By reading the case package thoroughly and doing an adequate amount of independent research (i.e. googling every term you are not comfortable with; seeking for alternative explanations of what I don’t understand in the case packet), we learned that one of the influencing factors of the price of an option is implied volatility. Those who are familiar with statistics may regard this as the standard deviation of the distribution of an option’s price, only that it is not an observed statistic, but a perceived one. With that said, these interpolations could easily be wrong. What happens when the future comes, and people realize that the actual volatility is not what they thought it to be? The answer is there will be a discrepancy between its intrinsic value and perceived value, which creates an opportunity for arbitrage. Now we need to write a program that calculates our implied volatility and seek for this arbitrage thing.

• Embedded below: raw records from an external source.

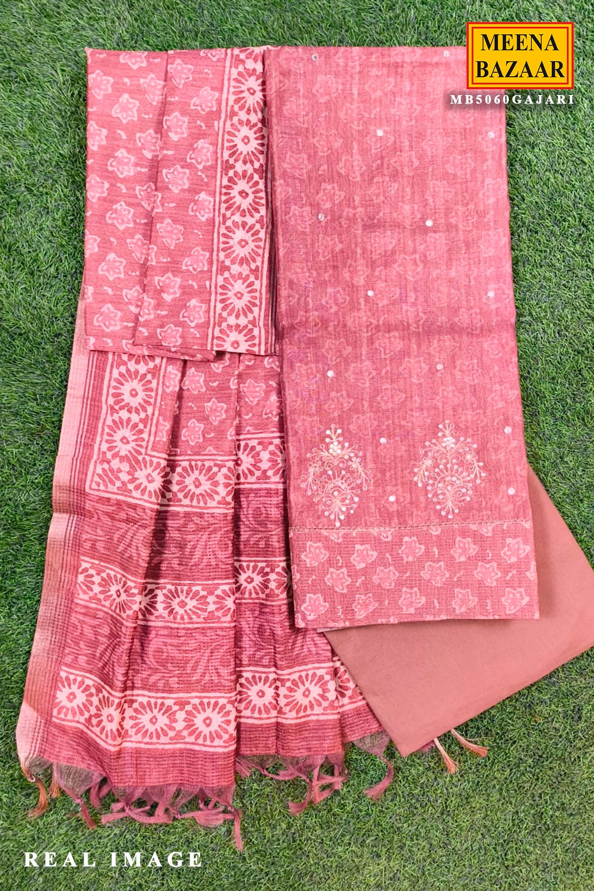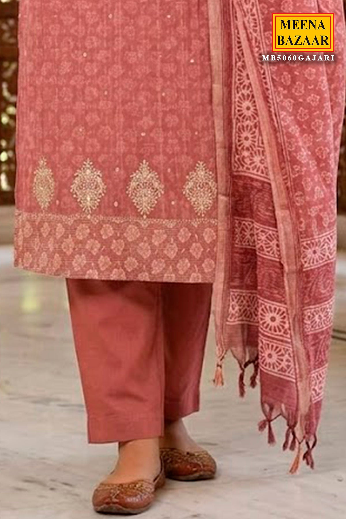 It is paired with coordinated solid trousers in a matching gajari shade, offering a harmonious and well-balanced look that complements the printed kurta effortlessly. The ensemble is completed with a beautifully printed dupatta, featuring traditional patterns and finely detailed borders with tassel accents that enhance its overall elegance. Ideal for festive occasions, casual gatherings, and daytime celebrations, this suit set exudes timeless ethnic grace with a modern touch.
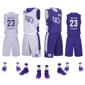 両面バスケットボール服セット男性夏ベストトレーニング試合チーム服ベストコート通気性学生運動印字
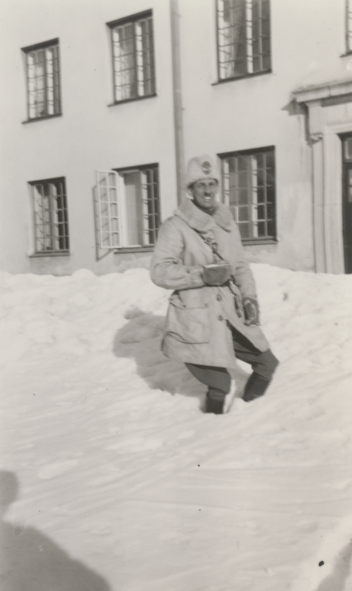 Man i vintermundering sitter på ett snöblock utanför ett stenhus. Foto ur anonym serie från beredskapen i Norrland.
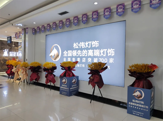 在經過一番深入的了解,梁總參觀了松偉燈飾的生產制造車間,了解松偉企業的發展歷程及未來的發展規劃后,決定于西安北大明宮市場內拿了最好的位置建設松偉燈飾品牌專賣店 。2020年在國內外疫情的不斷沖擊下,西安北大明宮松偉燈飾專賣店如期而至,盛大開業!據梁總介紹,北大明宮店開業期間松偉燈飾產品的銷量在市場中遙遙領先于其他燈飾品牌,擁有第五代形象的高端裝修及安裝上松偉燈飾新品牌logo后,專賣店形象一舉成為成為該市場內最高端的品牌形象店之一。
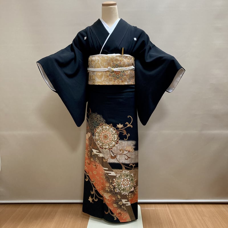 | メーカー | D808 黒留袖 花丸文 金彩 正絹 着物 袷 極美品 |
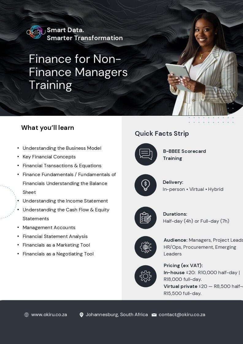 In-house ≤20 — R10,000 half-day | R18,000 full-day.

Many more complications will arise as we write the code, mainly because that’s how programming always turns out to be…

Then comes the hardest part. It’s basically thinking about how to win and implement your idea. For example, how do you pick the best strategies and verify that they would truly work? This would involve something called back-testing. How do you hedge your potential risks and what’s the appropriate hedge ratio that won’t eat into your profits? How do you calculate the best bid-ask spread given the real-time information and actions of other market players? How do you send out your order quick enough to get it filled before the price is gone? What should you do when the market is moving against you? Usually, my team would sit down to bring our creative minds together. I would say as beginner, the best way for us to tackle these challenges above is to stick with the fundamental way, pay strong attention to details and add some small tricks.

Competitors at the University of Chicago’s Midwest Trading Competition - peep Isabella and her teammates in the back!

Competitors at the University of Chicago’s Midwest Trading Competition - peep Isabella and her teammates in the back!

CIEC: What advice would you give someone who is interested in participating in these types of competitions, but doesn’t know where to begin/how to get information?

Zhu: I don’t think participating in these competitions is necessary in itself, but it’s definitely helpful to know these opportunities exist.

I would say the most important thing is to actively seek information and constantly reflect upon your personal goals/plans in joint with that information you acquire. Seeking this information could entail many things – Googling is often sufficient for you to be aware of the existence of various opportunities; to gain a more first-hand, in-depth explanation of what these opportunities are like, you might want to talk to alumnae, Smithies, or your friends at other schools that have had similar experiences.

However, at the end of the day, the single most crucial task is to factor in your own goals and preferences. You must ask: does this interest me? am I intellectually excited by this? does this at least partially align with my short-term goals? Every individual has a different decision-making process, but it all starts with acquiring information and more importantly, keep doing personal reflection. It took me a long while to realize where my career interest is, and I really couldn’t have found it without the help and support from many others. Honestly, I’ve talked to many Smithies who feel confused on making future plans. I totally understand it, but we should never leave such an important question only to ourselves – don’t hesitate to reach out to people for advice, help, and emotional support, cause we’ve all been there and Smith has a strong support network...and I’m always happy to talk!

CIEC: What are your future career goals?

Zhu: My future career goal is to work in a position that is involved with the financial markets, and advocate for diversity and inclusion in the financial industry.